» Working data
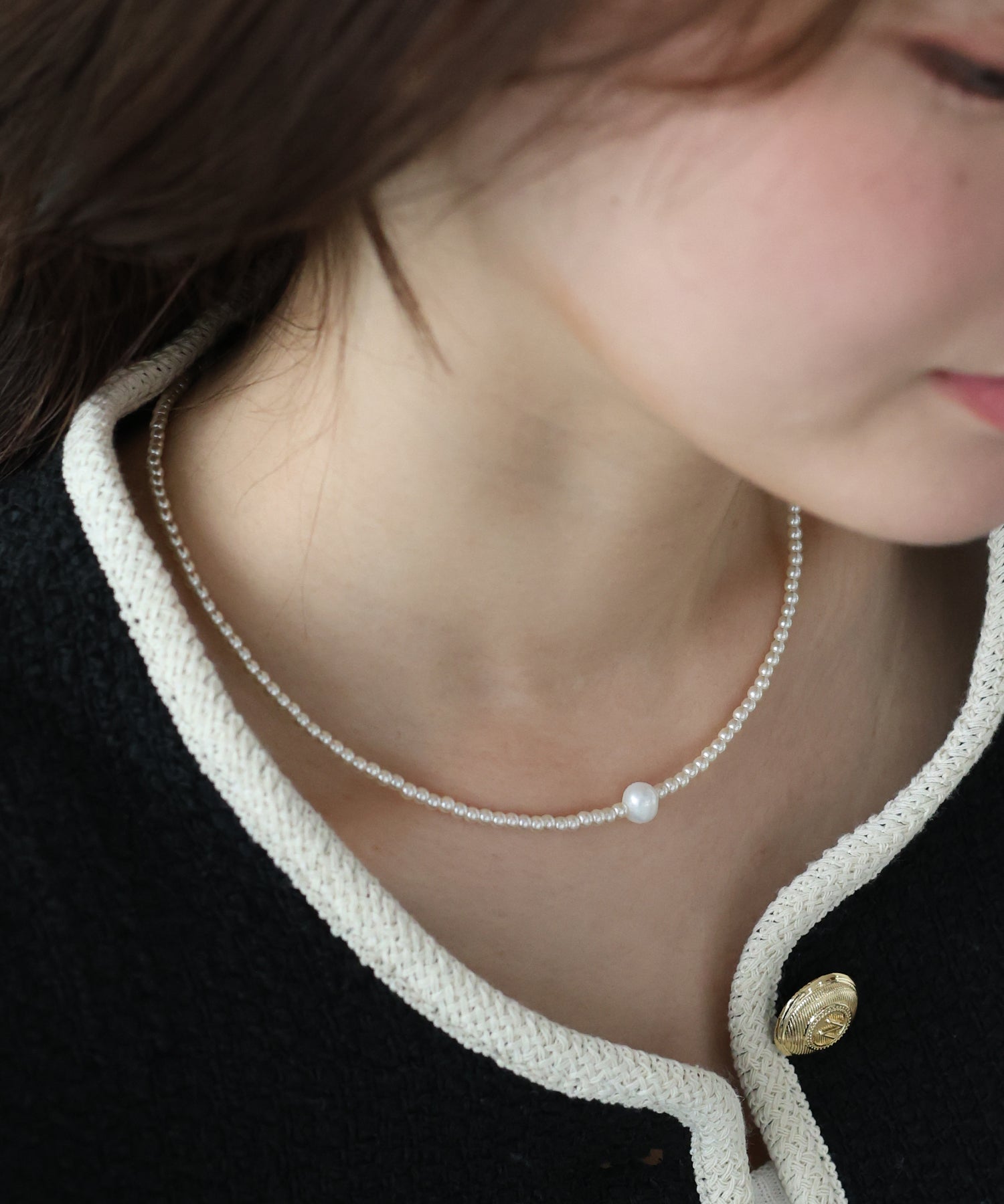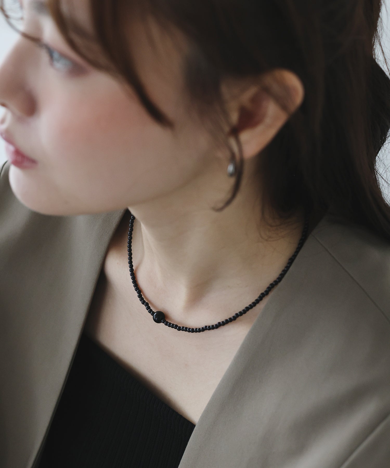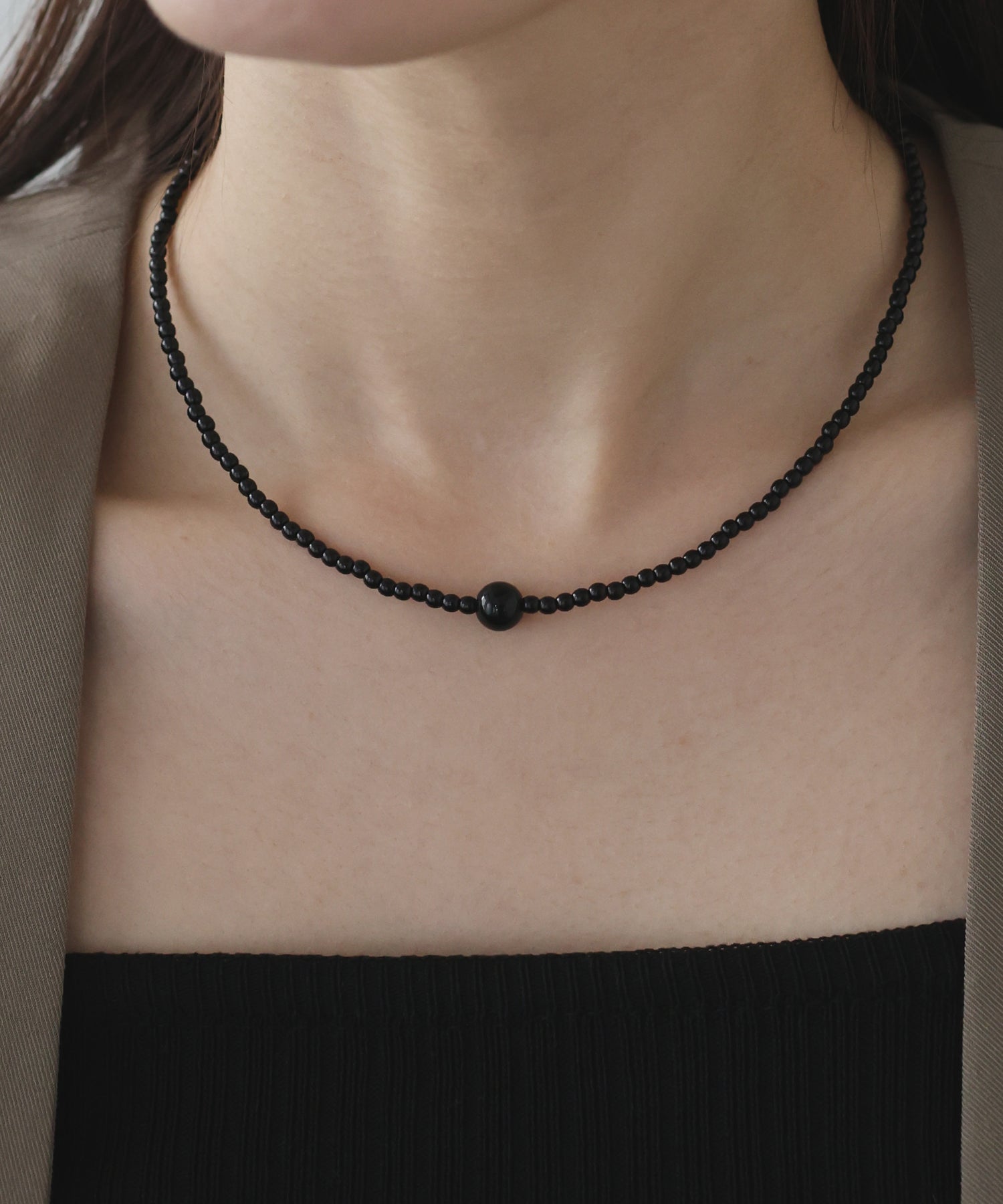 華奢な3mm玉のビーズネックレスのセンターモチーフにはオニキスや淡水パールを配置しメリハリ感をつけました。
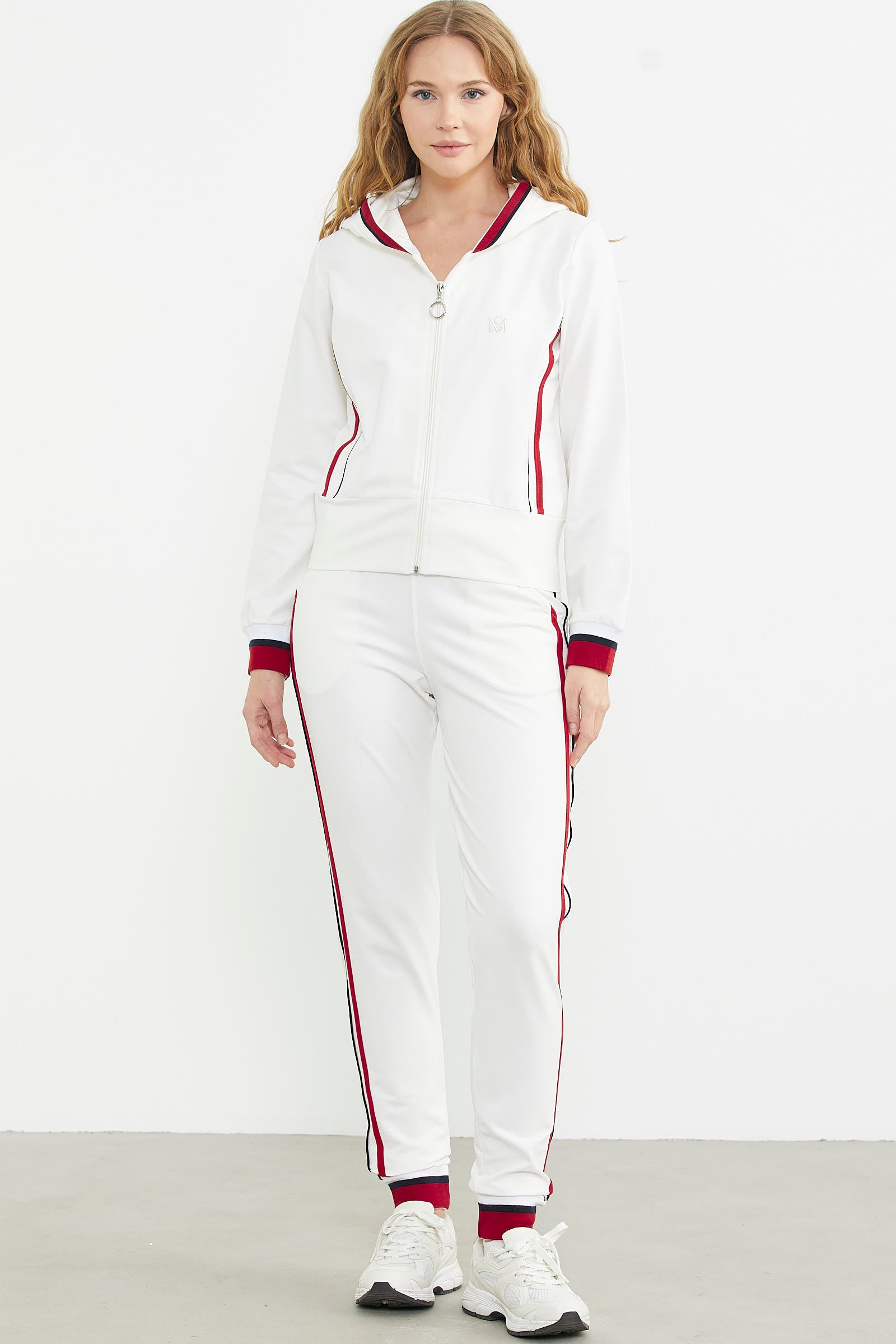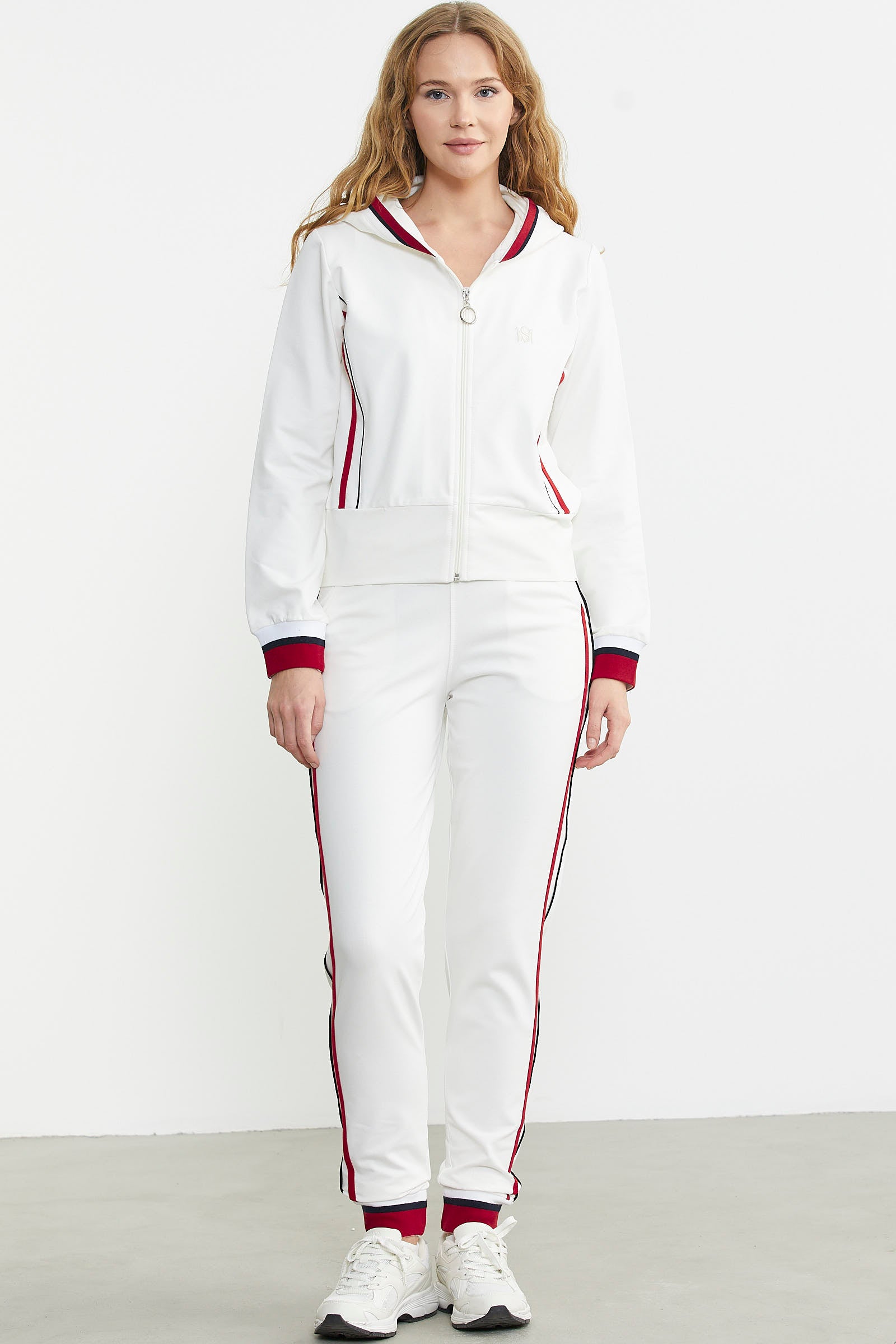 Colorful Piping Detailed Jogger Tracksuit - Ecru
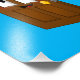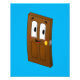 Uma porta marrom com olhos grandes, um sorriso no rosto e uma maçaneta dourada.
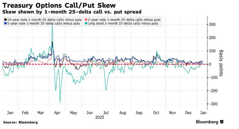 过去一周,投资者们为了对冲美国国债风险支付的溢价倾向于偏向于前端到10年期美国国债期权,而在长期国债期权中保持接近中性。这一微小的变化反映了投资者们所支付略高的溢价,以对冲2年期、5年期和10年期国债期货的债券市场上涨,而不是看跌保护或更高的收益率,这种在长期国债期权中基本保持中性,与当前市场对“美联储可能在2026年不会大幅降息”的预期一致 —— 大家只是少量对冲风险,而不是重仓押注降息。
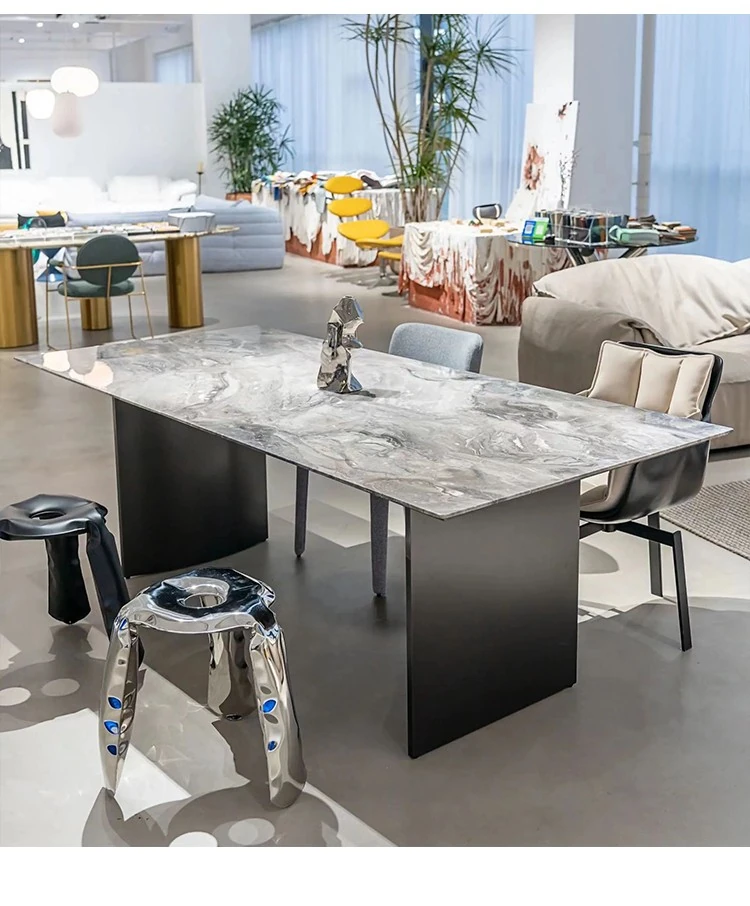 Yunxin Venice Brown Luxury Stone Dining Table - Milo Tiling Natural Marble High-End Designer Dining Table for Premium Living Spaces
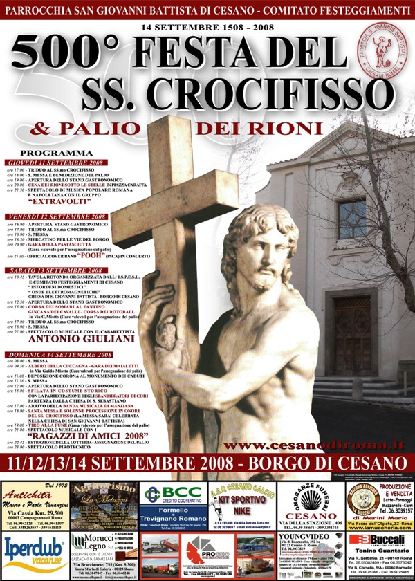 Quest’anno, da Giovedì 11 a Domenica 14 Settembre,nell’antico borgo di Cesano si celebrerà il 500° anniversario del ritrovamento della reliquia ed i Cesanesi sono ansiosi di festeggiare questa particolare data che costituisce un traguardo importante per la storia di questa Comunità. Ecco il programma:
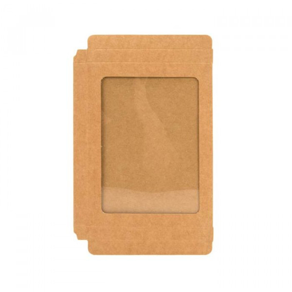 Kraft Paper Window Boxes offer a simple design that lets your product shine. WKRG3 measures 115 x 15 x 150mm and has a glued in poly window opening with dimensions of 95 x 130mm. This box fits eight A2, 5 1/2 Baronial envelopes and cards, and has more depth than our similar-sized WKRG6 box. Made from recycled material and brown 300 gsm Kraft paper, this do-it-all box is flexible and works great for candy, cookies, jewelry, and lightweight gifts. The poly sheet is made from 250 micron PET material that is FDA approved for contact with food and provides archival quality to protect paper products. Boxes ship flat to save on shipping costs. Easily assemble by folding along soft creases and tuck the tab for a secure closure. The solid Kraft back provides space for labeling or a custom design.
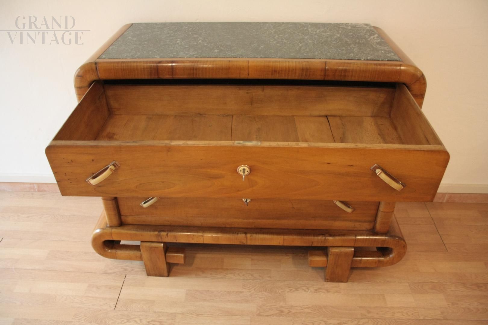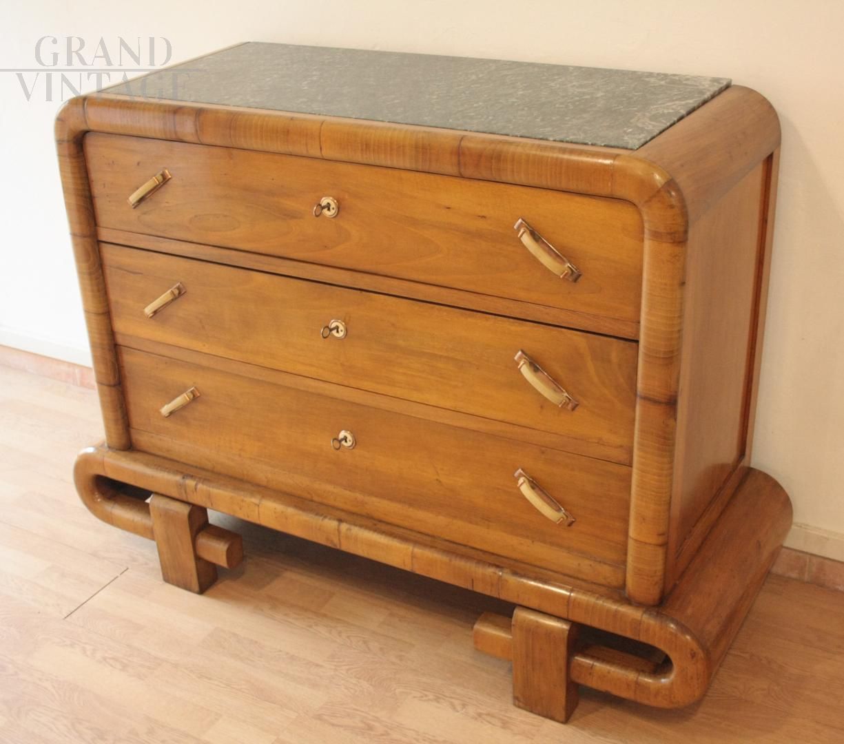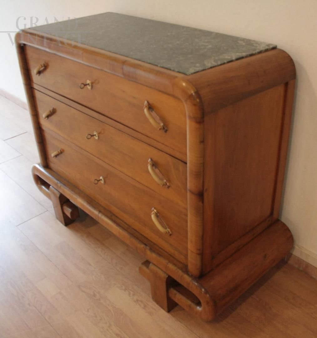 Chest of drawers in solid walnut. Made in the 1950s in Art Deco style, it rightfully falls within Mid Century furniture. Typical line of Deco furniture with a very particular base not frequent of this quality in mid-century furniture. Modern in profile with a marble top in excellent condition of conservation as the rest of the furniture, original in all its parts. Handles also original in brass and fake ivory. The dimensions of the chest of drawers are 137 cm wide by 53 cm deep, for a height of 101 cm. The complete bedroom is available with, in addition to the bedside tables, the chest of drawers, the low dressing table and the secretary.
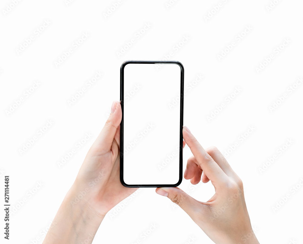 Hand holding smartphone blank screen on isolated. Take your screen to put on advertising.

» What the exercise asks
Take the material above from its first line through the line holding "Quest’anno, da Giovedì" and set it down exactly, without the pictures.

» Response for this exercise
 華奢な3mm玉のビーズネックレスのセンターモチーフにはオニキスや淡水パールを配置しメリハリ感をつけました。
 Colorful Piping Detailed Jogger Tracksuit - Ecru
 Uma porta marrom com olhos grandes, um sorriso no rosto e uma maçaneta dourada.
 过去一周,投资者们为了对冲美国国债风险支付的溢价倾向于偏向于前端到10年期美国国债期权,而在长期国债期权中保持接近中性。这一微小的变化反映了投资者们所支付略高的溢价,以对冲2年期、5年期和10年期国债期货的债券市场上涨,而不是看跌保护或更高的收益率,这种在长期国债期权中基本保持中性,与当前市场对“美联储可能在2026年不会大幅降息”的预期一致 —— 大家只是少量对冲风险,而不是重仓押注降息。
 Yunxin Venice Brown Luxury Stone Dining Table - Milo Tiling Natural Marble High-End Designer Dining Table for Premium Living Spaces
 Quest’anno, da Giovedì 11 a Domenica 14 Settembre,nell’antico borgo di Cesano si celebrerà il 500° anniversario del ritrovamento della reliquia ed i Cesanesi sono ansiosi di festeggiare questa particolare data che costituisce un traguardo importante per la storia di questa Comunità. Ecco il programma:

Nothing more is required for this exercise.